If I were to rank the diagnostic decision tree, I would:

1. Low appropriability—implying that investors cannot receive a sufficient return on their

investments. In turn, appropriability issues may be the result of government or market

inefficiencies.

In terms of the risks of government intervention, such macro risks would be done such as

failure to maintain financial, monetary, and fiscal security or stability. If the Philippines or the

Philippine government is piling up obligations at a rate that will jeopardize their level of

compliance with them, the people involved in the economic system are aware that the current

regulations will have to be dismissed and will have to take action to protect themselves from

the potential changes instead of engaging in collaborative investments.

On the other hand, micro risks address structural and institutional flaws, including poor

property rights, massive corruption in the government, and absurdly high taxes. Even though

societal rewards may be significant, actual explicit taxes will reduce private gains—making
investments less appealing. In that way, if the private sector's purchasing power decreases and

resources are not used to boost public savings, the high taxes and negative public savings in

this situation would harm our total savings. Also, the additional high costs brought on by

countermeasures taken to prevent the defective measures of property rights could make

investment unprofitable.

2. High cost of finance: In this instance, economic growth is limited since a higher interest rate is

relevant to investment decisions in the economy, which keeps accumulation low. In turn, this

may be related to two types of policy issues:

2.1. Bad international finance: economic exposure to risks is too high, circumstances for

international investment are unfavorable, debt term increases macro risk, net capital

requirements remain unreasonably excessive, etc.

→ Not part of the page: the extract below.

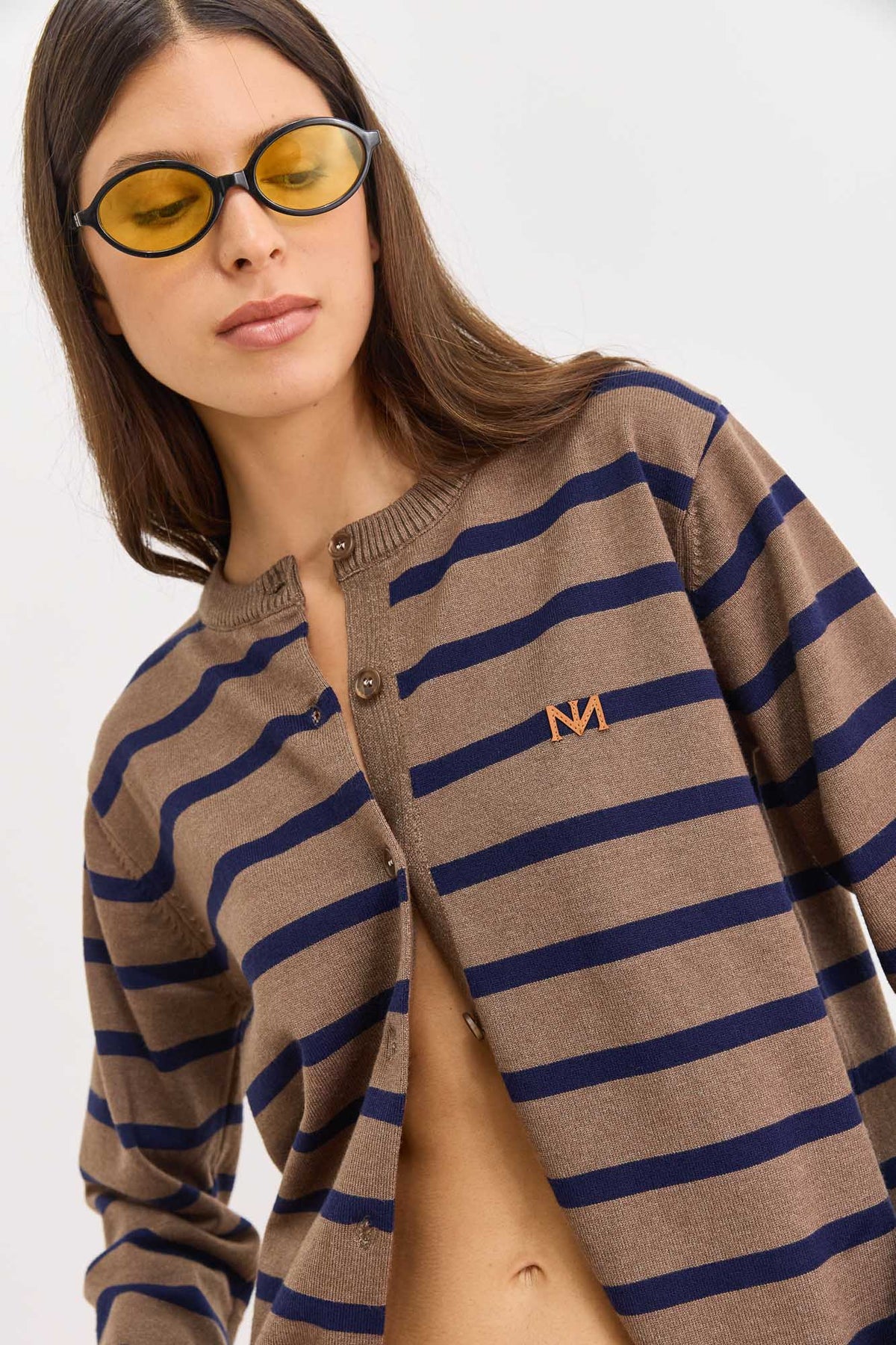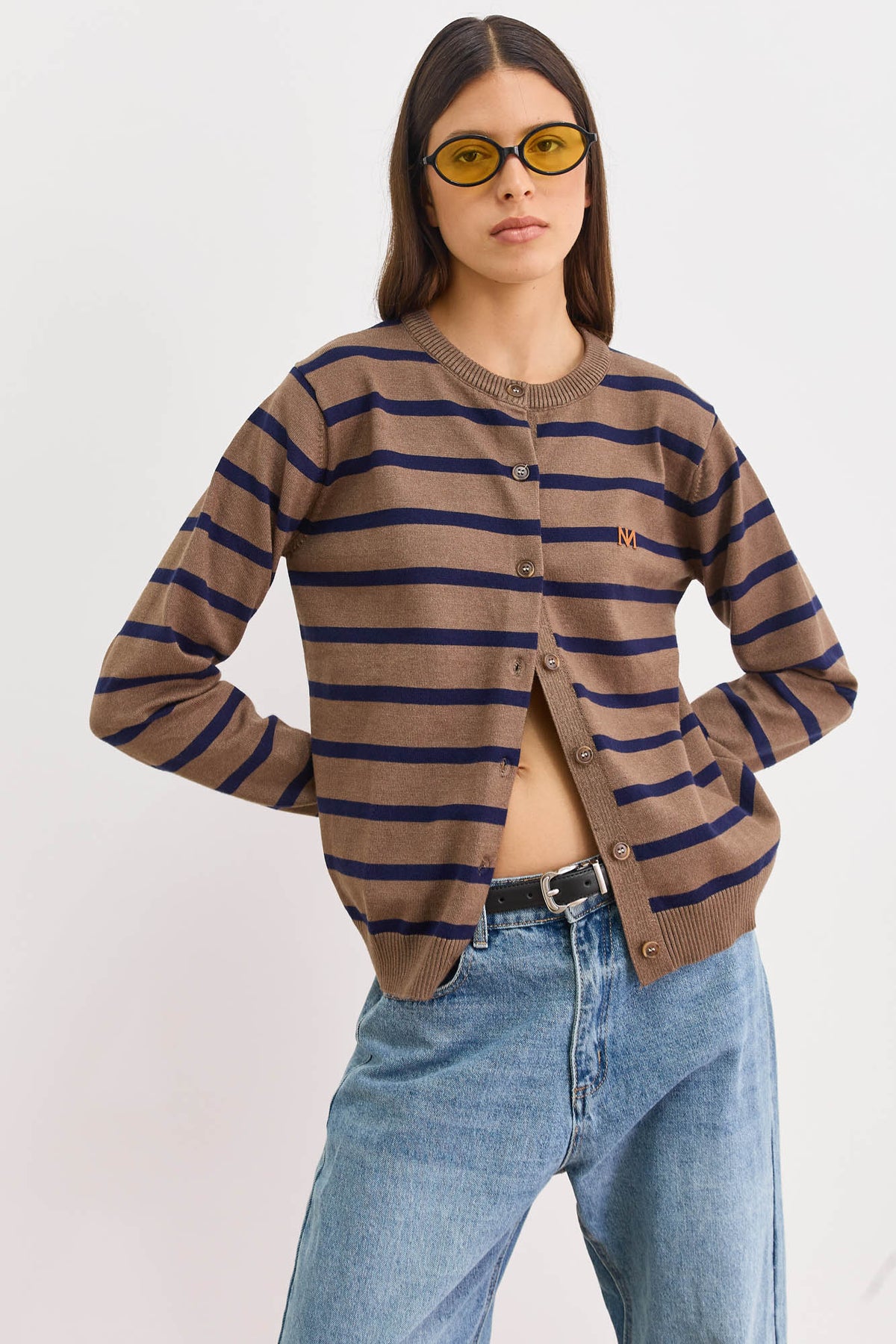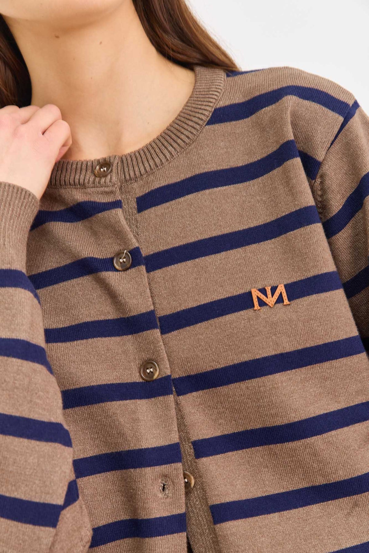 סריג כפתורים בדוגמת פסים בשילוב פאץ' לוגו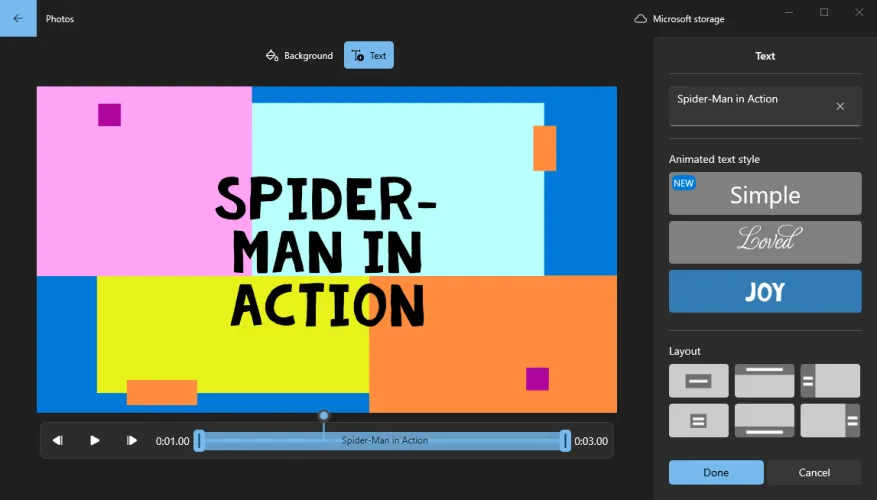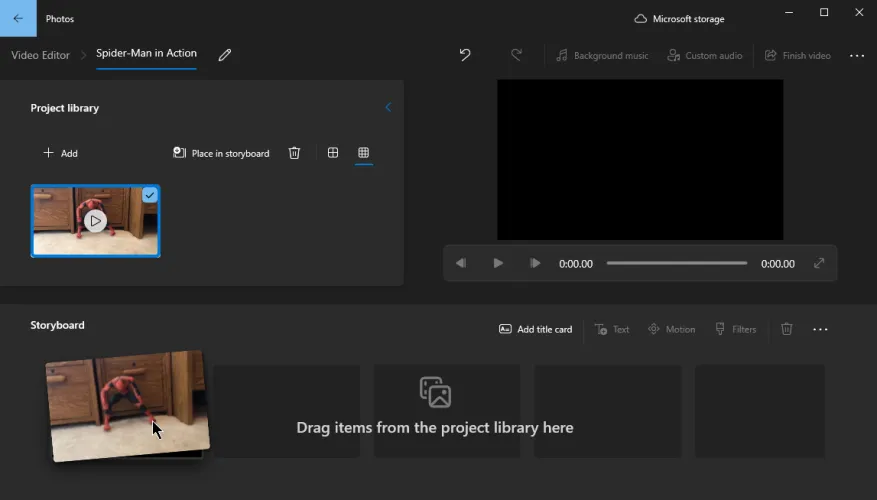 在新视频项目的屏幕上,单击添加按钮,然后选择从这台电脑添加视频。然后可以将导入的剪辑拖动到故事板。您还可以从情节提要中执行多个任务。单击添加标题卡命令,然后键入标题卡的文本,选择样式,并设置持续时间。完成后,单击完成。

2.2. Bad local finance: when domestic financial markets are dysfunctional, domestic debtors

cannot accumulate their capital properly, and the risk of bank failures and missed payments

grows.

Both of these factors raise the cost of capital, particularly foreign capital.

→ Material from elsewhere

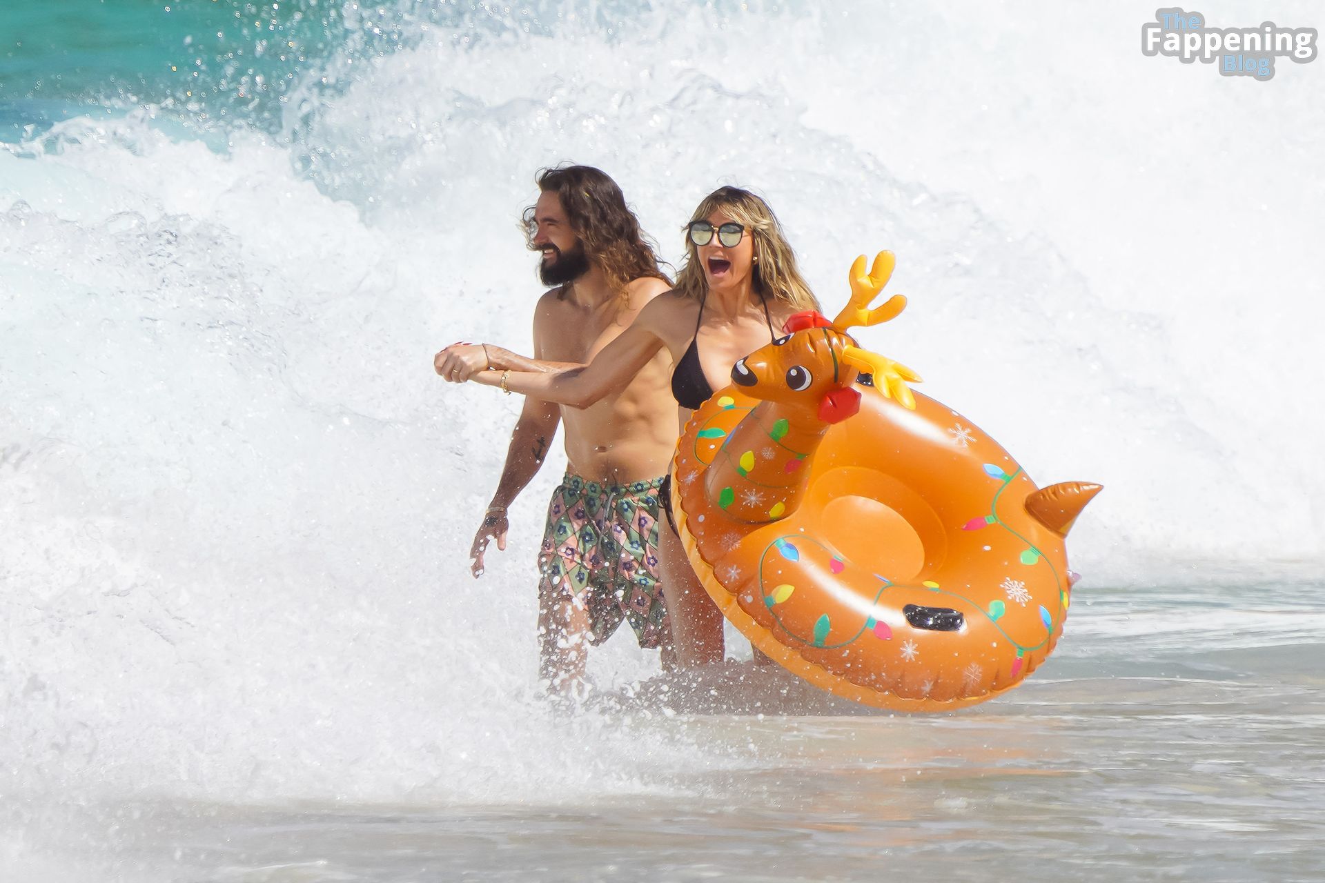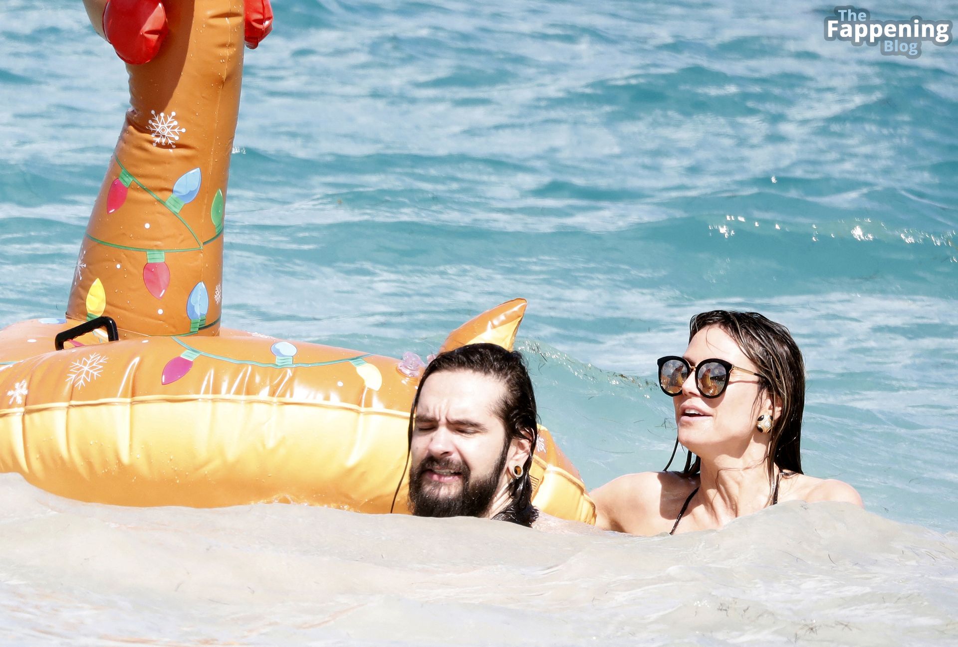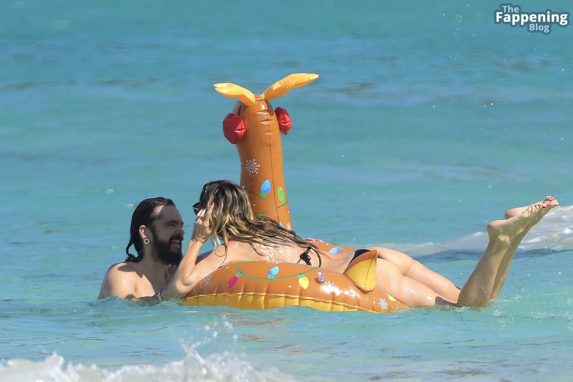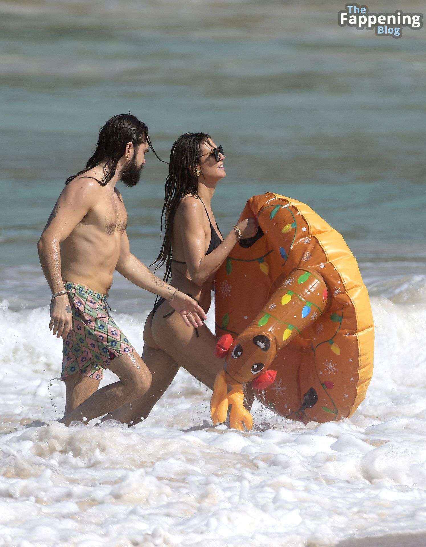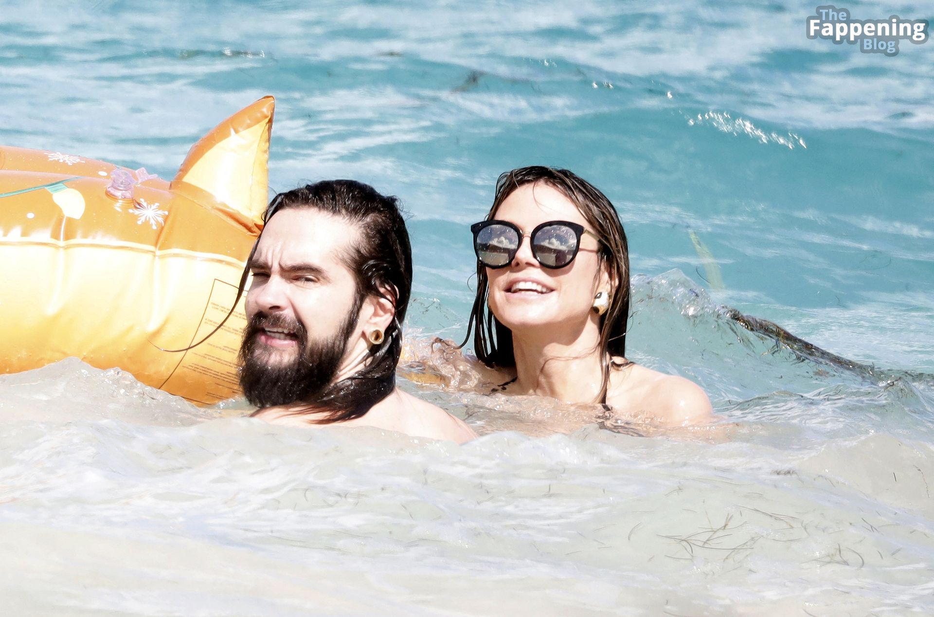 La presentadora de America’s Got Talent deslumbró con un diminuto bikini negro mientras ella y el rockero de Tokio Hotel mostraban su cariño en público, besándose y tomados de la mano, durante sus vacaciones de invierno en St Bart’s. Madre de cuatro hijos, Heidi chapoteó en las olas en un reno inflable mientras Tom, atento, la observaba.

What ought to be the central area of policy in this situation? Increasing national savings is the

objective. Reduced government expenditures and wasteful spending with the funds used to

raise public savings would've been one approach. The immediate effects would be greater

overall savings, a reasonable interest rate, better federal debt issues, fewer financial

intermediary margins, and possibly a favorable impact on overseas savings if tied to or

impacted by concerns about fiscal catastrophe. This could be accomplished by reducing the

cost of pensions through a social security system.